Adjustment for gender, seeding count, and current smoking status was included in the multiple linear regression model.
Association between number of protective haplotypes in CSA and CSB and number of BPDE-induced chromatid breaks per cell
No. protective haplotypes . | n . | Chromatid breaks per cell, geometric mean (95% CI)* . | P . |
---|---|---|---|
0 | 120 | 0.26 (0.24-0.29) | Reference |
1 | 103 | 0.22 (0.20-0.24) | 0.02 |
2 | 43 | 0.21 (0.18-0.25) | 0.044 |
3 or 4 | 10 | 0.15 (0.11-0.22) | 0.005 |
No. protective haplotypes . | n . | Chromatid breaks per cell, geometric mean (95% CI)* . | P . |
---|---|---|---|
0 | 120 | 0.26 (0.24-0.29) | Reference |
1 | 103 | 0.22 (0.20-0.24) | 0.02 |
2 | 43 | 0.21 (0.18-0.25) | 0.044 |
3 or 4 | 10 | 0.15 (0.11-0.22) | 0.005 |
Least-squares means (95% CI) were calculated based on natural log-transformed number of chromatid breaks per cell with adjustment for gender, current smoking status, and seeding count; then, they were converted to their exponential form [geometric mean (95% CI)].

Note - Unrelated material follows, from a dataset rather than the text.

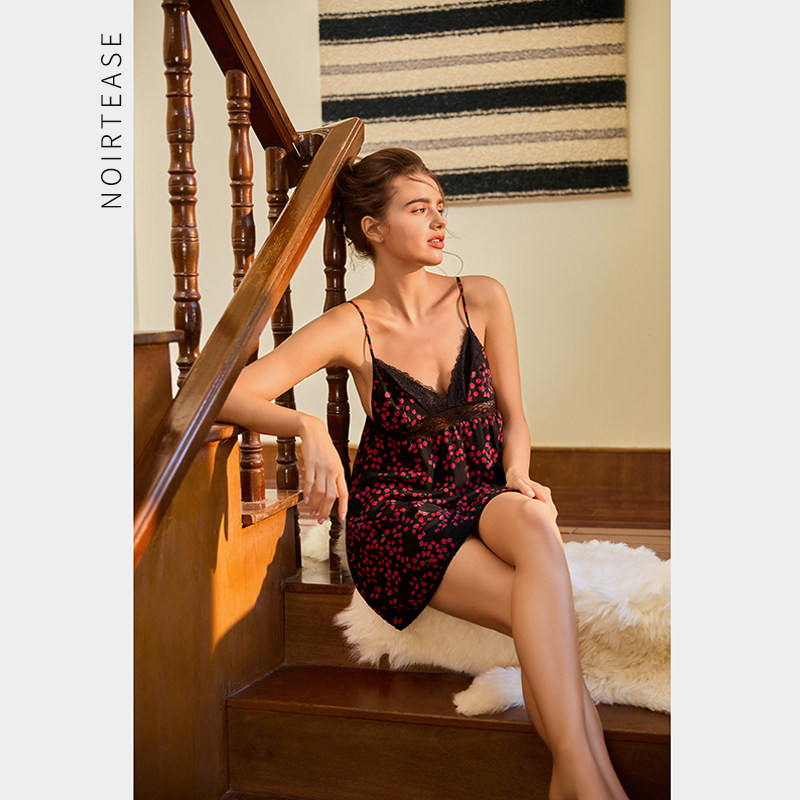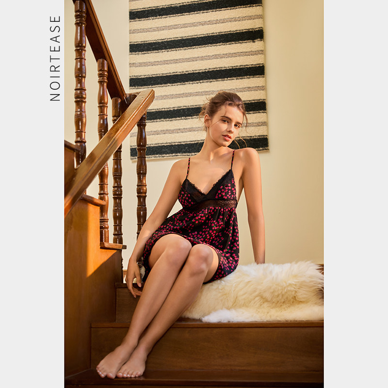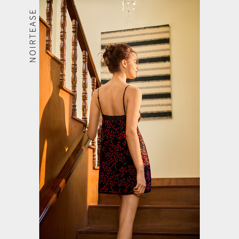 NoirTease夏季新款丝质雪纺睡裙女性感蕾丝短款显瘦吊带睡衣舒适

A resampling-based omnibus test was employed to assess whether the associations seen with individual haplotypes and tag SNPs were the result of multiple testing. The permutation-based P values for the most significant SNPs, rs158923 in CSA and rs4253101 in CSB, were 0.036 and 0.247 respectively, suggesting that the association between SNPs and haplotypes in CSA and mutagen sensitivity induced by BPDE was unlikely a chance finding.
Discussion
This study comprehensively evaluated the common coding and noncoding variation in two essential TCR genes in relation to mutagen sensitivity induced by BPDE. Our results support the conclusion that sequence variants of CSA and CSB may affect an individual’s capacity to remove DNA damage induced by BPDE. Two haplotypes in CSA and CSB (H125 and H97, respectively) as well as SNPs in high LD with these two haplotypes were significantly associated with a 13% to 15% reduction in the mean number of chromatid breaks per cell.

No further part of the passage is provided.